In working with the core repository, I handled various specification docs and classes that I would not have worked on otherwise, and I worked closely with the small PHP team and maintainers on these issues. Other problems still exist within the core repository, but the state of it has improved drastically, and further improvements will be made as the repository continues to develop.

Sample applications

To test the components thoroughly, I created sample applications that mimicked the propagation of traces through microservices. A few PHP applications existed within the main repository that allowed for simple testing; however, the lack of use of a propagator limited the depth of testing.

In creating the sample applications, I had to consider the state of the core repository. Currently, the ability to instrument an application automatically does not exist, so manually instrumenting the apps was necessary. This process entailed creating a tracer, generating spans manually, propagating contexts, and closing the spans once a request was completed.

Another factor to consider during creation was the ease of use of testing these applications. I wanted to create an app that would be easy to set up for anyone who wanted to test the alpha version of the PHP library with AWS X-Ray. Thus, both applications were created as console applications in order not to complicate the process with setting up web applications.

The first sample app in its implementation is creation of a span, then a child span, which is then populated in an HTTP header that makes a request to aws.amazon.com. Figure 8 shows how the initial span and its child are created:

Figure 8: The trace map generated by sample application 1.

The second application involves a more robust example of how a real-world application may make a request to different services. A main application will make a call to two different microservices, called Service1 and Service2. Before calling either of the services, however, the span context is injected into a carrier that is then taken to the service. Then, the services will extract the context from the carrier and create a new span based upon it.

After the services are concluded, the child spans are ended, and then the main root span is ended in the main application. Figure 9 shows how these requests are mapped out:

Figure 9: The trace map generated by sample application 2.
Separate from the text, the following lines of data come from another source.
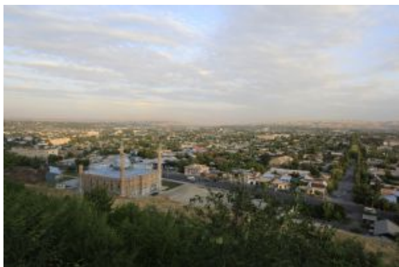
Ak Sai Travel
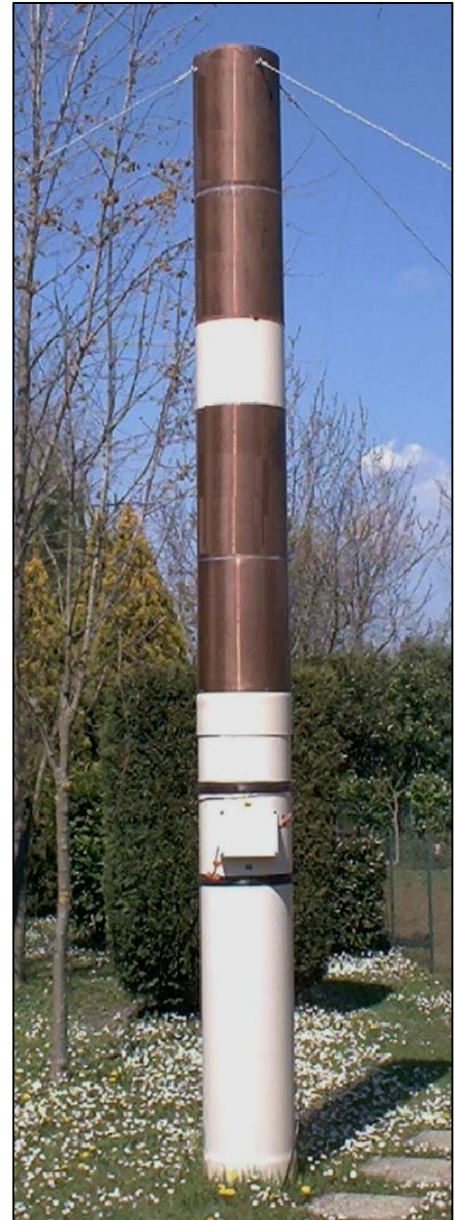
ANTENNA EH-160 FINITA
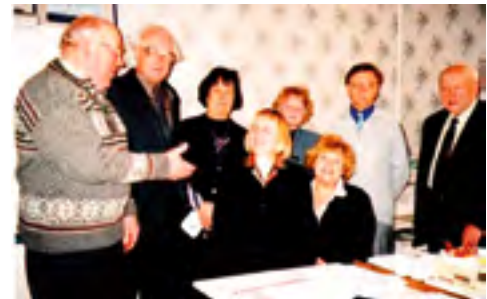
EKSÜ juhatus, 2005.
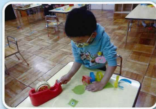
「すてきな鳥をつくらう」
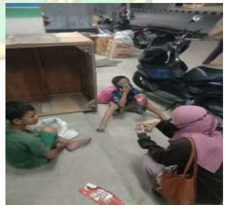
Dok: Wawancara dengan anak jalanan/pekerja anak dibawah umur
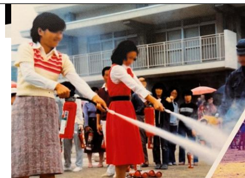
③ 平城第2団地/自治会による防災訓練

These sample apps serve as integration tests, demonstrating that traces created in an application can be sent to the OTEL Collector and then seen on the AWS X-Ray backend.

Conclusion

During this project, I have come to understand much more about the open source community and the process of creating and delivering high-level, maintainable code. Through this open source project within OpenTelemetry, I had the opportunity to work with many contributors from all over the industry who are working to create well-documented and efficient services. I learned to communicate with my team members and to respond effectively to their inputs and apply those changes within my code.
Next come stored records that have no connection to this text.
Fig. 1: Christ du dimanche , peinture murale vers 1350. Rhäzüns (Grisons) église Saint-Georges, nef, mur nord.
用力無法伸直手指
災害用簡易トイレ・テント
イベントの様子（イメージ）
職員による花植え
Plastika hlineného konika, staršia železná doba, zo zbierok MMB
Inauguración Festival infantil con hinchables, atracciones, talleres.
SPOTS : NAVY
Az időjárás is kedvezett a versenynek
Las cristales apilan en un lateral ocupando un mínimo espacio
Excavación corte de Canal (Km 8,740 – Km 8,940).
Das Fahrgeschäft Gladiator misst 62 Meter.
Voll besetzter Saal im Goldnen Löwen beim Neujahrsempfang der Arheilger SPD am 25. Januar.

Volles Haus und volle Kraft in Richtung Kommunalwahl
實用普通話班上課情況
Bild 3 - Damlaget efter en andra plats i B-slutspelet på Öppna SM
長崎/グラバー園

I also became much more familiar with PHP as a language and all the little nuances that come with it. Also, I have come to understand that being an engineer is more than coding—it’s an amalgamation of coding, documenting, and presenting ideas, as well as reaching out to other engineers for their expertise and responding productively to evaluations by team members and reviewers.

Working within OpenTelemetry and with the AWS X-Ray team was an incredible experience that enriched my knowledge of the open source community and the industry as a whole. I appreciate the mentorship from Bob Strecanksy, OpenTelemetry PHP maintainer; Anthony Mirabella, OpenTelemetry Go maintainer; and Bolu Peng from the AWS X-Ray team for their guidance and reviews. I hope to continue working within wonderful teams with talented people and to continue contributing to influential open source projects in the future.

Oliver Hamuy

Oliver Hamuy is a senior at Washington University in St. Louis studying Computer Science and Electrical Engineering. He is currently working as a intern software engineer at AWS and is interested in observability and artificial intelligence.